A colour image of Pluto taken by New Horizons unveiled rounded and bizarrely textured mountains, informally named the Tartarus Dorsa, rise up along Pluto's day-night terminator.
The image also shows intricate but puzzling patterns of blue-gray ridges and reddish material in between.
"It looks more like tree bark or dragon scales than geology," said William McKinnon, New Horizons Geology, Geophysics and Imaging (GGI) team deputy lead from Washington University.
"This'll really take time to figure out; maybe it's some combination of internal tectonic forces and ice sublimation driven by Pluto's faint sunlight," he said.
The "snakeskin" image of Pluto's surface is just one tantalising piece of data New Horizons sent back.
The spacecraft also captured the highest-resolution colour view yet of Pluto, as well as detailed spectral maps and other high-resolution images.

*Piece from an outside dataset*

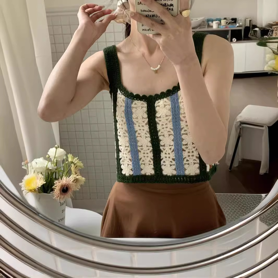 | nameOriginal | 2024 Summer New Knitted Hollow Embroidery Stitching Contrast Color Fashion Sling Small Vest for Women |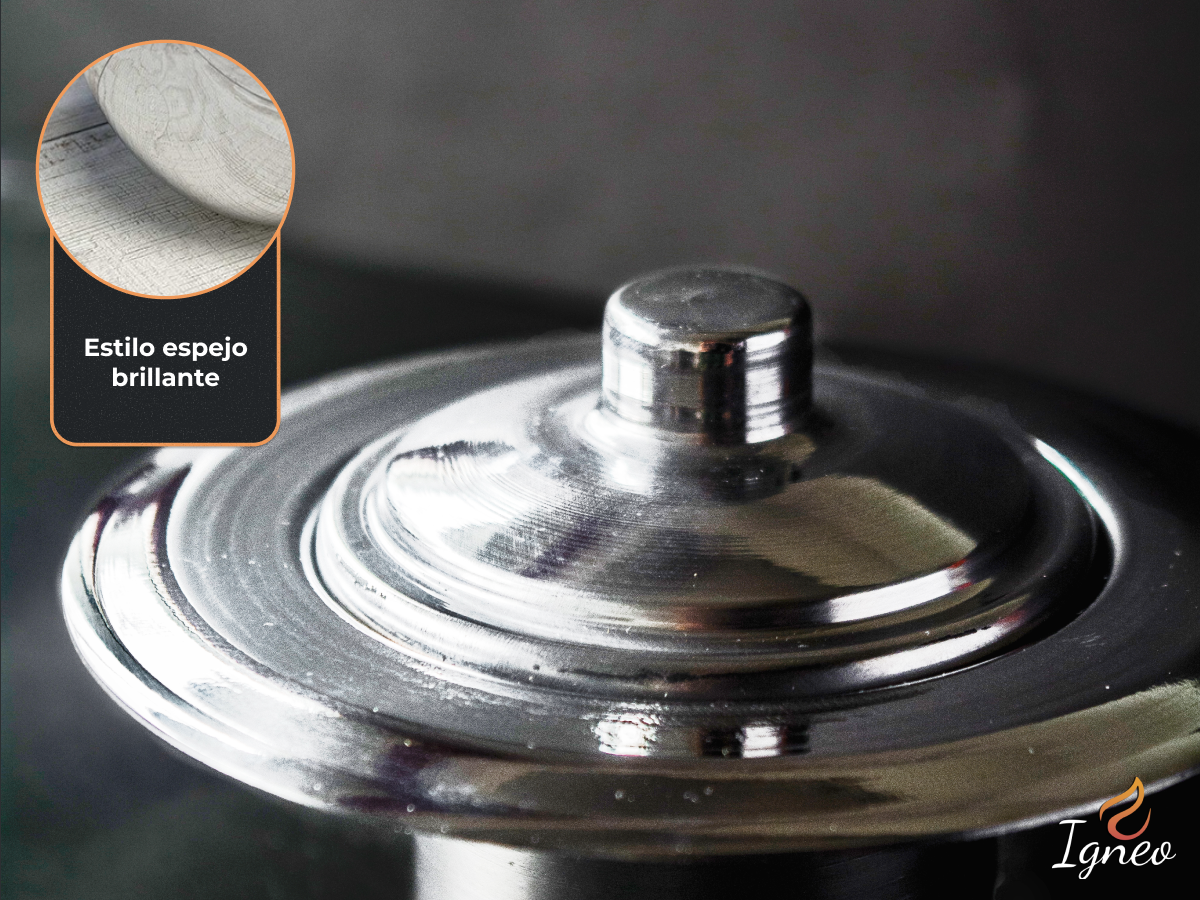 Fabricado en acero inoxidable y con un trabajo artesanal de pulido en frio, presenta un bello efecto espejo resplandeciente, ideal para realzar cualquier espacio con un estílo único y brillante.

A new "extended colour" view of Pluto - taken by MVIC on July 14 shows the extraordinarily rich colour palette of Pluto.
"Pluto's surface colours were enhanced in this view to reveal subtle details in a rainbow of pale blues, yellows, oranges, and deep reds," said John Spencer, a GGI deputy lead from Southwest Research Institute (SwRI) in Boulder, Colorado.
These images - the highest-resolution yet available of Pluto - show features that resemble dunes, the older shoreline of a shrinking glacial ice lake, and fractured, angular water ice mountains with sheer cliffs.
A closer look at the smooth, bright surface of the informally named Sputnik Planum shows that it is pockmarked by dense patterns of pits, low ridges and scalloped terrain.
Dunes of bright volatile ice particles are a possible explanation but the ices of Sputnik may be especially susceptible to sublimation and formation of such corrugated ground, researchers said.
Sputnik Planum has abundant methane, while the region informally named Cthulhu Regio shows none, aside from a few isolated ridges and crater rims. Mountains along the west flank of Sputnik lack methane as well.